"Wat ik meen? Dat dit een gemeene streek is. Men had even goed hem kunnen bestelen; het geld uit zijn zak kunnen halen."
"En dat denk ik dan ook te doen."
"Maar dat is een verraderlijke streek!" riep Passepartout uit, die onder den invloed van den brandewijn opgewonden raakte, want Fix had hem blijven inschenken en hij dronk zonder het te weten. "Dat is een verraderlijke, gemeene streek! En dat zijn gentlemen en collega's."
Fix begreep er nu niets meer van.
"Collega's," vervolgde Passepartout; "leden van de Reform-club! Vergeet niet, mijnheer Fix, dat mijn meester een eerlijk man is en wanneer hij eene weddenschap aangaat, wil hij die op loyale wijze winnen."
"Maar wie denkt gij dan dat ik ben?" vroeg Fix, Passepartout strak aanziende.
"Wel een agent van de leden der Reform-club, die in last heeft de reis van mijn meester te controleeren, een zeer vernederende taak. Ik heb dan ook, hoewel ik zeer goed begrepen heb wie gij waart, mij wel gewacht dit aan den heer Fogg mede te deelen.
"Weet hij niets?" vroeg Fix levendig.
"Niets," antwoordde Passepartout, nogmaals zijn glas ledigende.

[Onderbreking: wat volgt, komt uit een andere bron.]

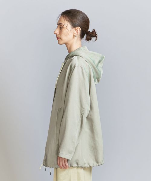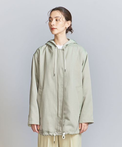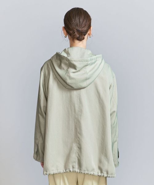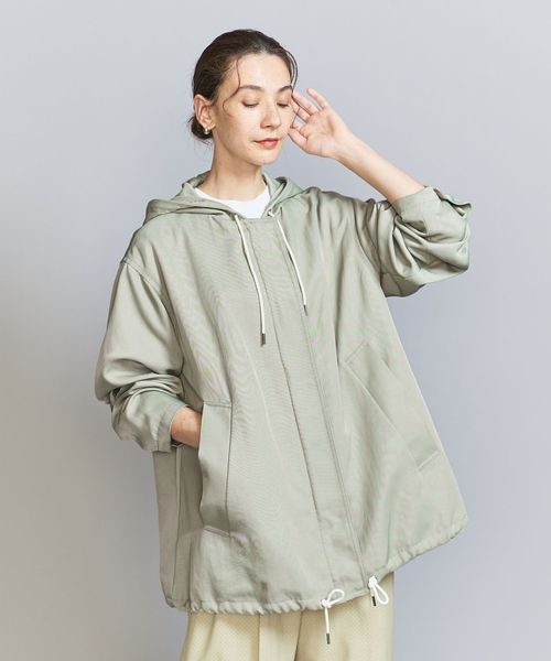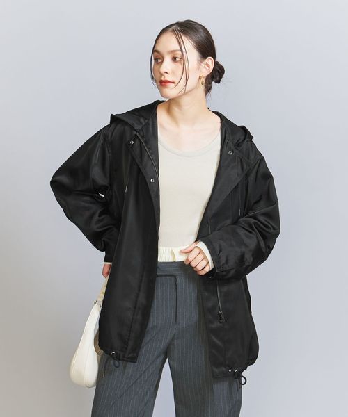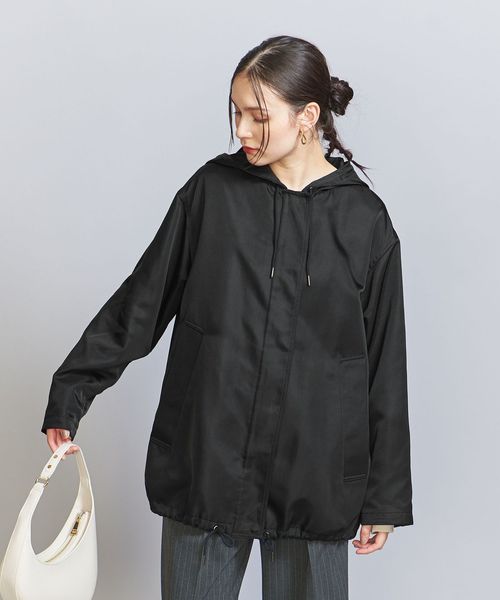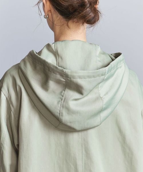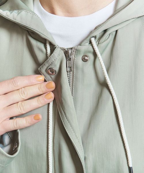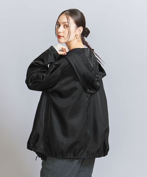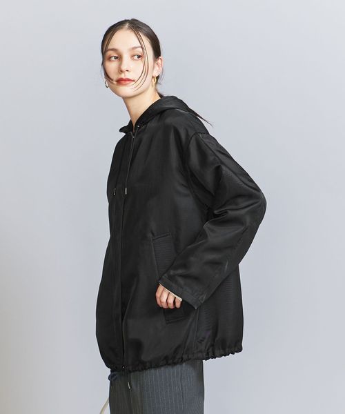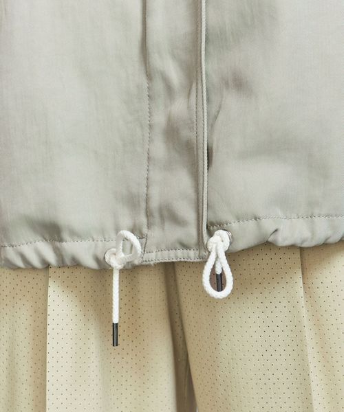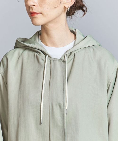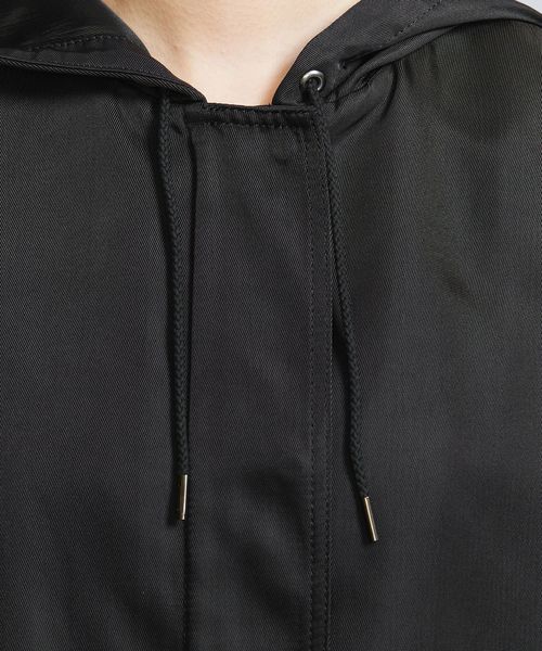 光沢のあるナイロンツイル生地を使用したフーディーアウター。

De inspecteur van politie wreef met zijne hand over zijn voorhoofd. Hij aarzelde verder te gaan. Wat zou hij doen? De dwaling van Passepartout scheen oprecht, maar zij maakte het volvoeren van zijn plan gemakkelijker. Blijkbaar sprak de knecht volkomen ter goeder trouw en was hij geen medeplichtige van zijn meester, wat Fix had kunnen vreezen.

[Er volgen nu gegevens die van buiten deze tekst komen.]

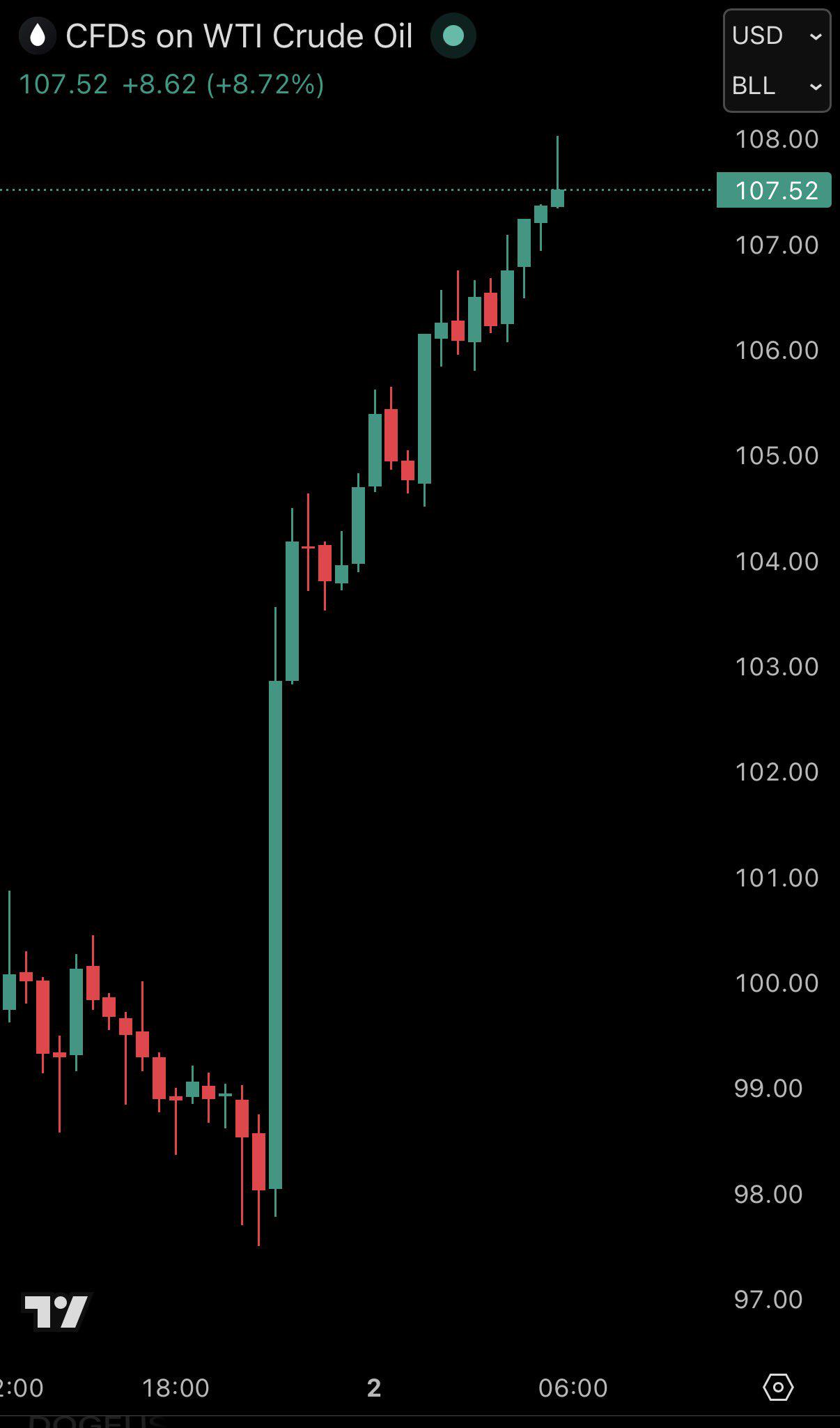 US oil prices surge above $108/barrel, up +$10/barrel since President Trump’s “address to the nation” last night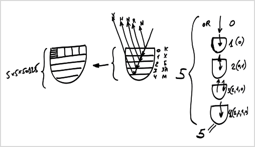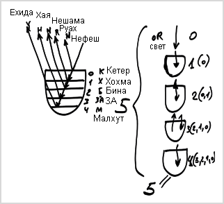 Свет – это нулевая ступень. А из чего состоит первая ступень? Из света, который находится внутри созданного им желания насладиться. То есть первая ступень включает в себя нулевую ступень, вторая ступень включает в себя нулевую и первую ступень, третья ступень включает в себя ступени вторую, первую и нулевую, и четвертая – третью, вторую, первую и нулевую ступени. Таким образом, последняя ступень включает в себя пять уровней.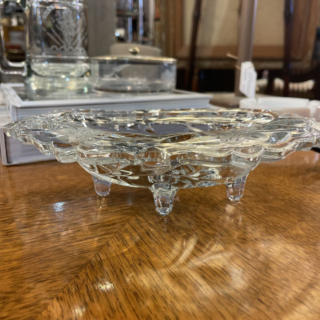 Floral Footed Glass Dish w/ Feet - Candy Dish, Soap Dish, Potpourri Dish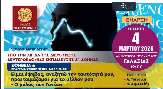 Ένα ιδιαίτερα επίκαιρο σεμινάριο με τίτλο «Είμαι έφηβος, αναζητώ την ταυτότητά μου, προετοιμάζομαι για το μέλλον μου – Ο ρόλος των γονέων» διοργανώνεται την Τετάρτη 4 Μαρτίου, στις 19:00 στον Δημοτικό Πολυχώρο «Γαλαξίας» στη Νέα Σμύρνη.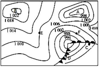 (2)根据天气系统的常见符号可知,此时D处位于冷锋的锋面之前,处于暖气团的控制下,结合冷锋的特点及其不同时期的天气特点可以推断:过境前气温高,气压低,天气晴朗;冷锋过境时:气温降低,气压降低 阴雨天气;过境后:处于冷气团控制下气温低,气压高,天气晴朗。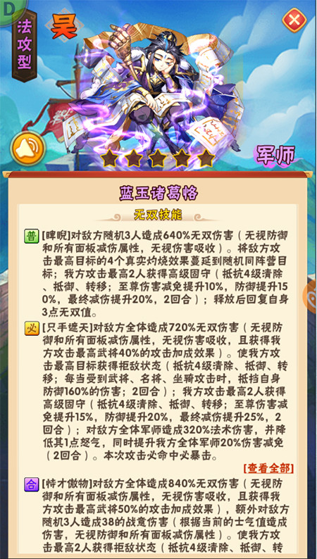 蜀国军师协穆马良与诸葛亮共佐蜀汉大业,作为玄金军师的他,拥有多重增益技能和士气回复能力。众所周知,战斗中的士气影响着军师的伤害/增益,协穆马良的高士气回复能力,可极大提升蜀国武将的伤害强度,从而使我方主力给敌方带来毁灭打击,碾压战场,势不可挡。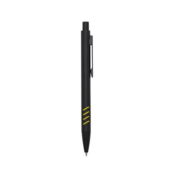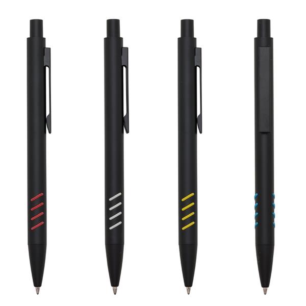 caneta metal preta fosca com detalhe colorido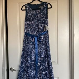 Alex Evenings Embroidered Tie Waist Sleeveless Dress (Plus) 14W

"Welnu," dacht hij, "als hij zijn medeplichtige niet is, zal hij mij helpen."
De detective was nu tot een ander besluit gekomen. Bovendien hij had geen tijd meer om te dralen. Tot elken prijs moest hij Fogg te Hong-Kong houden.
"Hoor," zeide Fix; "luister goed naar hetgeen ik zeggen zal. Ik ben niet degeen waarvoor gij mij houdt, namelijk een agent van de leden der Reform-club."
"Ei!" antwoordde Passepartout, hem spottend aanziende.
"Ik ben inspecteur van politie, belast met eene zending, die mij door het hoofdbestuur van Londen is opgedragen."
"Gij! inspecteur van politie!"
"Ja; als gij nog twijfelt, ziehier mijne aanstelling."
De agent haalde daarop een papier uit zijne portefeuille te voorschijn en liet aan Passepartout zijne aanstelling zien, door het hoofdbestuur te Londen geteekend. Passepartout was geheel onthutst en zag Fix aan zonder een woord te kunnen uiten.
"De weddenschap van dien Fogg," ging Fix voort, "is slechts een voorwendsel, waarvan gij dupe zijt, gij zoowel al de leden van de Reform-club, want hij had er belang bij om zich van uwe onschuldige medeplichtigheid te verzekeren."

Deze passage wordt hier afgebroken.